Razzmattazz - Hallelujah (2019)



Country: Germany
Style: Hard Rock
Rating: 6/10
Release Date: 6 Feb 2019
Sites: Bandcamp | Facebook | Official Website

If you haven't figured out Razzmattazz's chief inspiration after about two seconds of opening track A Gun for Hire, then you just haven't been paying attention. If these Stuttgart rockers hadn't released four award-winning albums (the new one was winning more before it even came out), I'd wonder if they were an AC/DC tribute band performing lost Bon Scott songs from an alternate universe. Someone tell me that this and Drive-By Shooter aren't unrecorded songs scavenged from the Powerage sessions!

Razzmattazz claim three influences on their Bandcamp page, AC/DC being an unsurprising first. The second is ZZ Top and that's obvious on Cold Rain, which ditches AC/DC for a moment in favour of the Texan trio. ZZ Top are also overt on Lawbreaker, which also betrays a third unacknowledged source of musical inspiration, namely fellow Germans Accept, and here's where the band get a little more interesting.

Drive-By Shooter isn't just AC/DC influenced, it sounds just like AC/DC. It's the most obvious AC/DC song not recorded by AC/DC since Dirty Looks recorded Oh Ruby. Cold Rain sounds just like ZZ Top with the differences in vocals explained away by modern production. And Going Down sounds just like Balls to the Wall era Accept, right down to its chugging guitar and its audience participation singalong section.

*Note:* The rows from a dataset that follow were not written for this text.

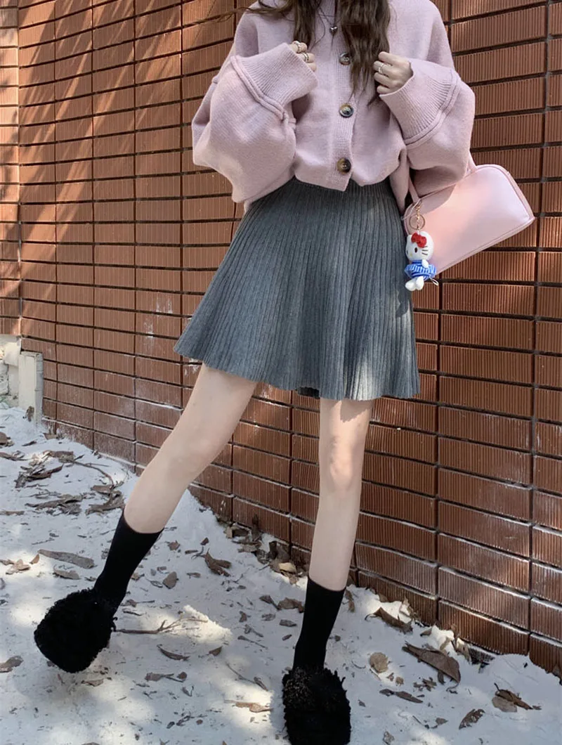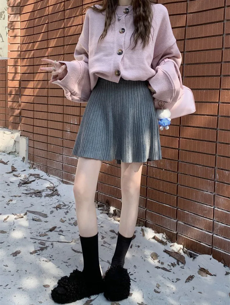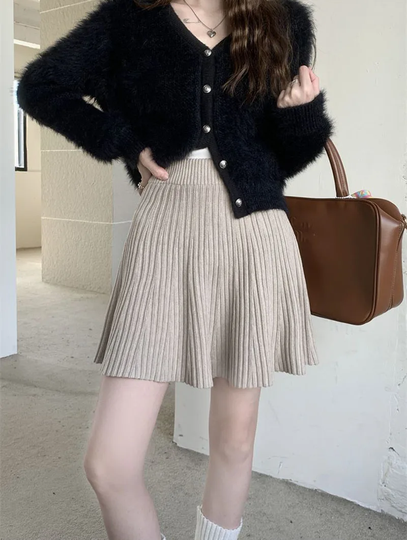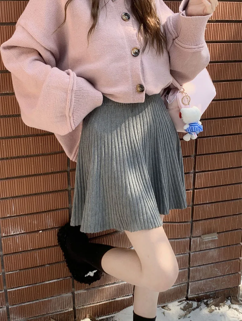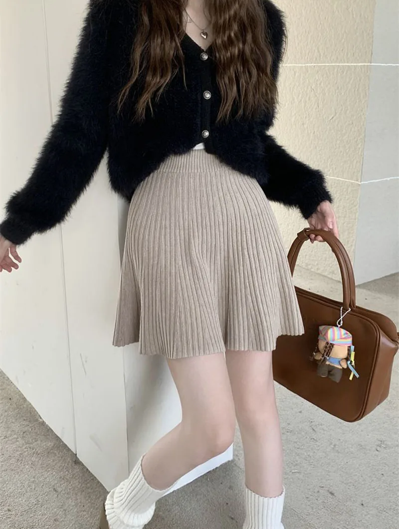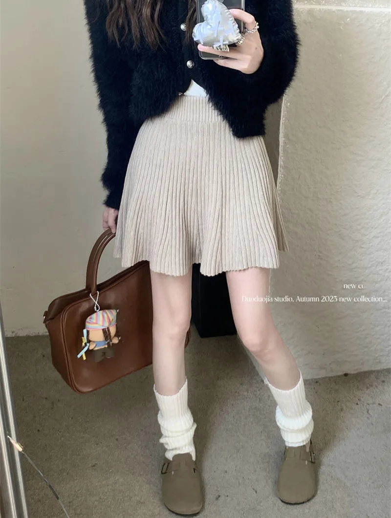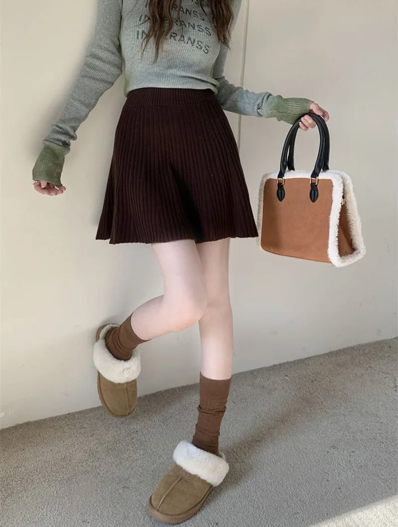 Minigonne a pieghe tutto-fiammifero in tinta unita Donna Autunno Inverno Gonne in maglia dimagranti a vita alta Gonna a trapezio basic casual semplice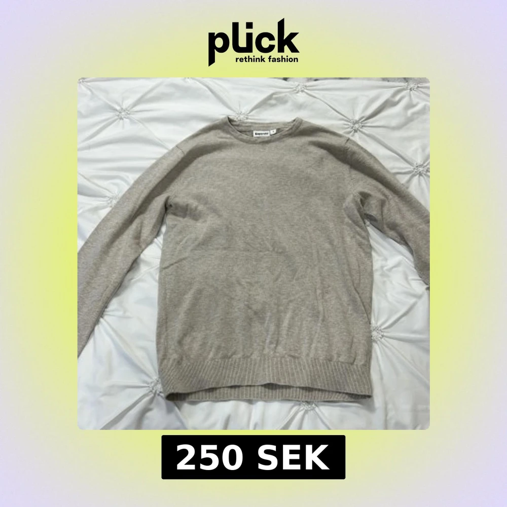 Säljer en stilren beige tröja från Kappahl i storlek S. Tröjan har långa ärmar och en rund halsringning. Perfekt för en avslappnad look. Passar bra till både jeans och chinos. Den har ett litet hål på ryggen som jag har sytt igen så att den syns inte. Pris kan diskuteras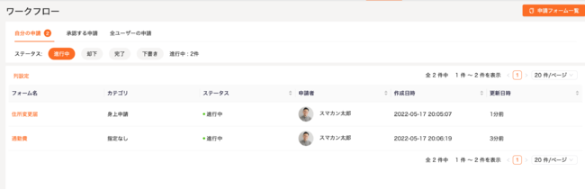 「ワークフロー」機能とは、社内申請における社員の各種申請をクラウドシステム上で行う機能です。本機能で申請されたデータは『スマカン』の人材データベースに自動反映が可能となり、メールの確認漏れや各種申請用紙の紛失といった人為的なミスの削減に加え、これまで管理者や人事担当者が抱えてきた業務の大幅な効率化をサポートします。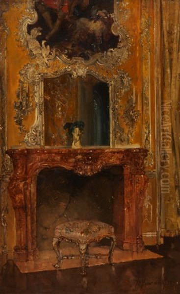 Schlossinterieur Mit Kamin, Trumeaux Und Tabouret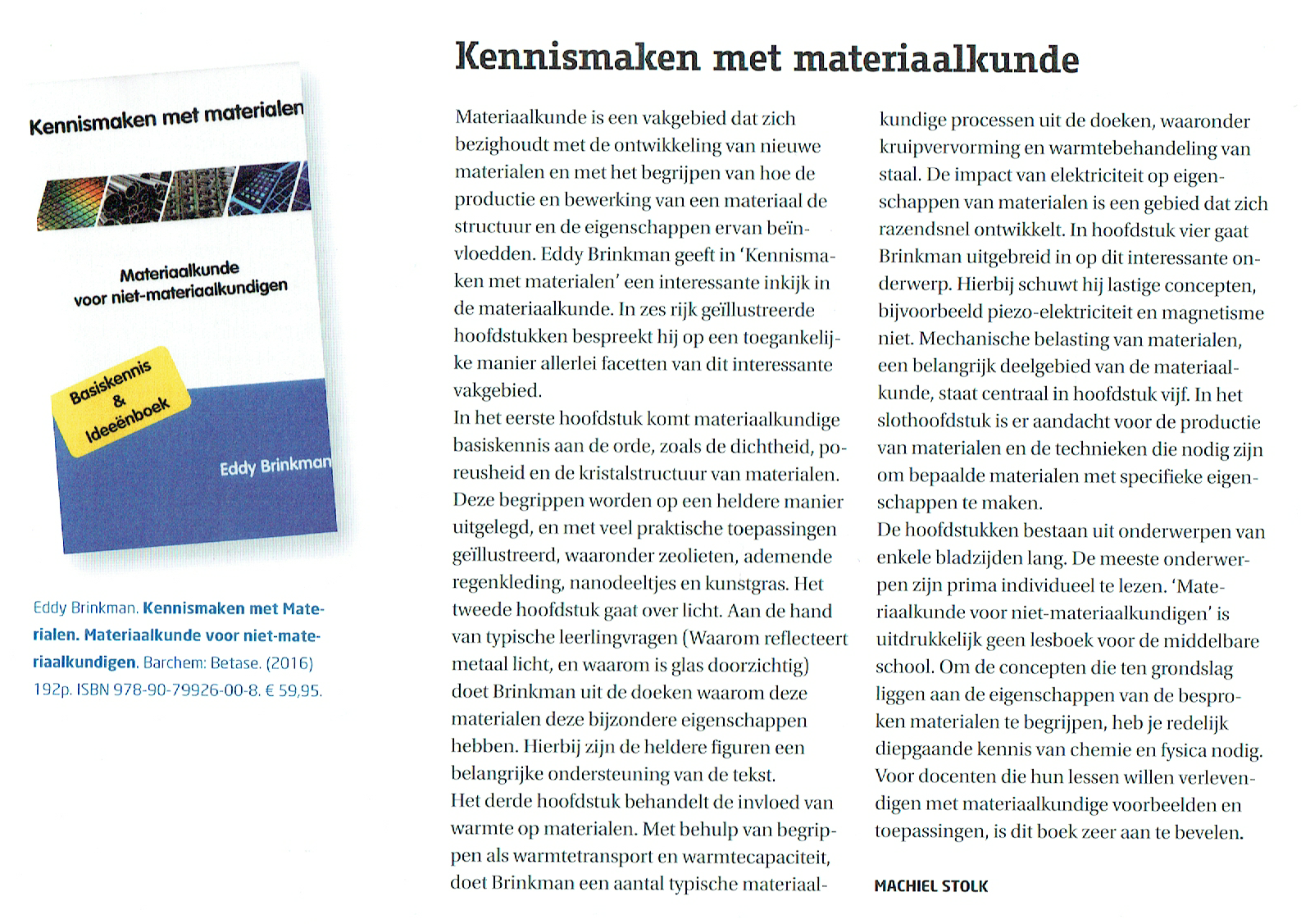 In de NVOX van september 2016, het magazine van de Nederlandse Vereniging voor Onderwijs in de Natuurwetenschappen (NVON), heeft Machiel Stolk de volgende recensie geplaatst:

And, frankly, that's pretty much all you need to know. If you're digging on the idea of new music that sounds like Accept, AC/DC and ZZ Top, this will be right up your alley.

By comparison, Lawbreaker doesn't sound like any of them individually and that's an important difference for a band who don't want to become known as a clone. Lawbreaker sounds like Accept were happily recording a ZZ Top song when Bon Scott wandered over from a neighbouring studio to jam with them and they liked it so much that it made it onto the album. It's a wild combination in my book. Wolle Heleck adds some extra rasp to evoke Udo Dirkschneider and Peter Ucik's bass echoes Dusty Hill gloriously. Sure, it's parallel universe weirdness but it's good parallel universe weirdness.

The third influence the band does cite is NWOBHM generally and I can, erm, accept that, but I'm not hearing anyone specific. For instance, there's no Diamond Head, Iron Maiden or Def Leppard to be found on any of these ten tracks. There's no Saxon, no Girlschool and certainly no Venom. Frankly, I caught a lot more glam rock instead, because the title track has a notable Hanoi Rocks vibe to it, as if it's LA-style hair metal recorded by a band who aren't remotely from LA but know the style even better than the bands who were born and bred there.

That Hanoi Rocks sound helps to avoid a crack like Razzmattazz being '80s rock not from A to Z but from A and Z because that's unfair. These are all original songs and they're upbeat and worthy, even if their inspirations are completely transparent. I enjoyed the whole album and I bet they kick serious ass on stage. And hey, could that cover image be more gloriously eighties if it tried? I just wish they could find a way to combine their influences into something new.